Cardiac Magnetic Resonance Imaging

Need of Left Ventricle Segmentation

Congenital heart defect (CHD) - a defect in the structure of the heart and large vessels of a newborn;. Image noise originates from the patient (thermal noise) and is added during signal processing in the receiver chain [10].

Concept of Segmentation

Scope of Image Segmentation

Dimensionality

In the last decade, segmentation techniques have gained importance in the quantitative analysis of medical images and in image-guided interventional procedures. The hypothesis of this research work is whether the appropriate use of an immersive environment can improve (in terms of accuracy, speed and user experience) classical 2D and 3D (i.e. 2D+time) slice-based image segmentation techniques.

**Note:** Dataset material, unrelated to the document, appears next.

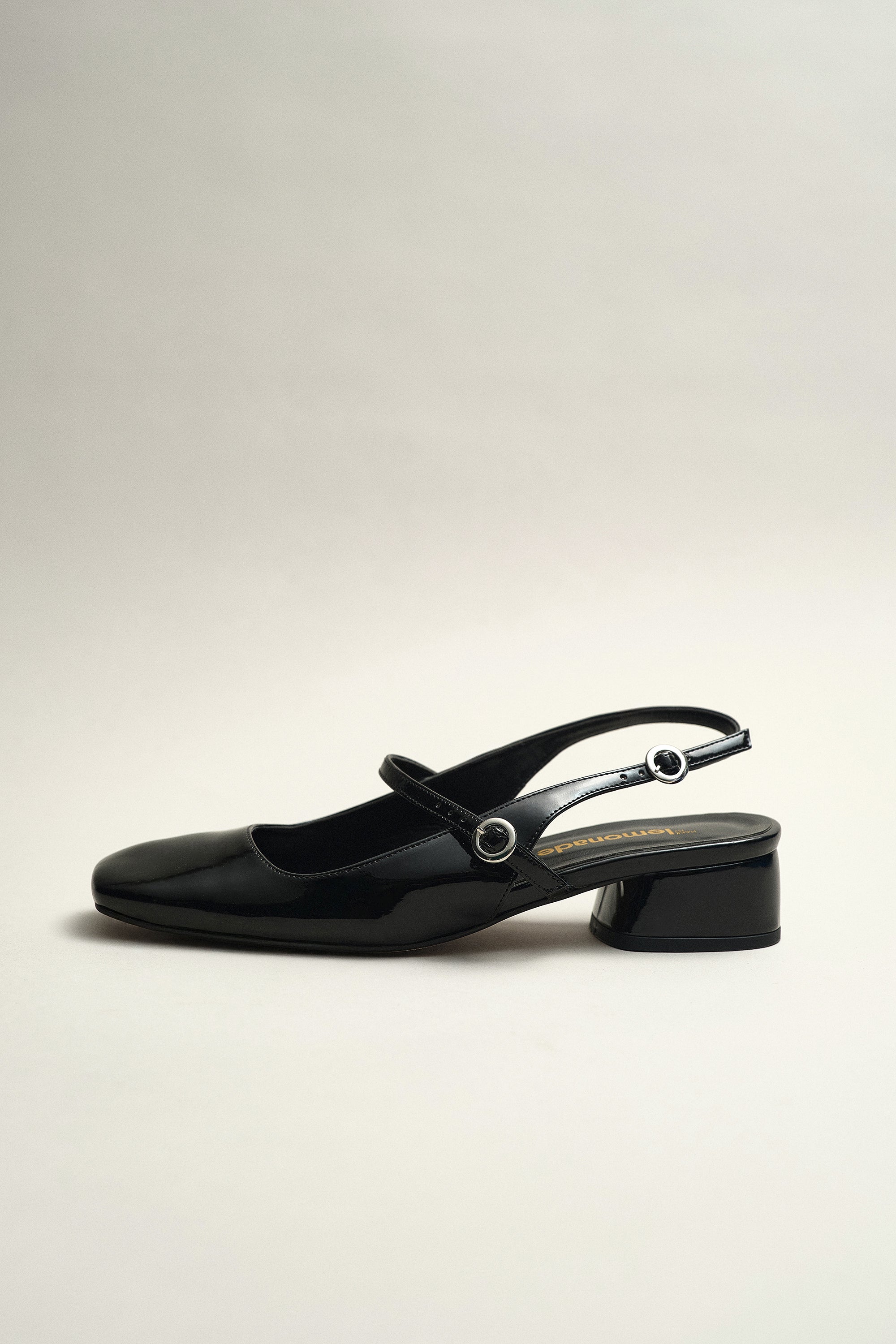Polly in black is the patent sandal that goes with absolutely everything.
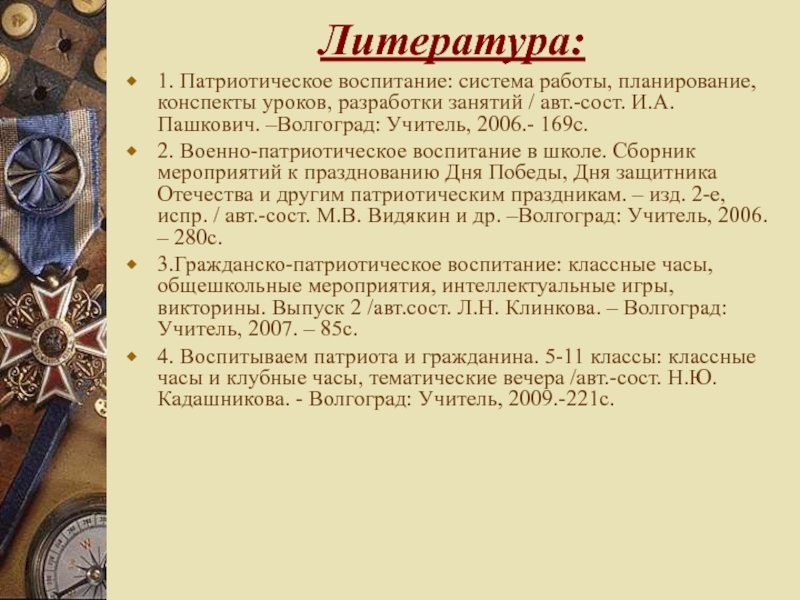 3.Гражданско-патриотическое воспитание: классные часы, общешкольные мероприятия, интеллектуальные игры, викторины. Выпуск 2 /авт.сост. Л.Н. Клинкова. – Волгоград: Учитель, 2007. – 85с.

Selected Literature Survey

Level set methods [22-24] that have been widely used in medical image segmentation overcome some of the limitations. The k-nearest neighbor (kNN) classifier [33] is a generalization of this approach, where the pixel is classified according to the majority vote of the k nearest training data.

Advantages of Random Walk for CMR Image Segmentation

ADVANTAGES OF RANDOM WALK FOR CMR IMAGE SEGMENTATION 16described below. MOTIVATION AND ORGANIZATION OF THE THESIS 17and 4) Intuitive segmentations.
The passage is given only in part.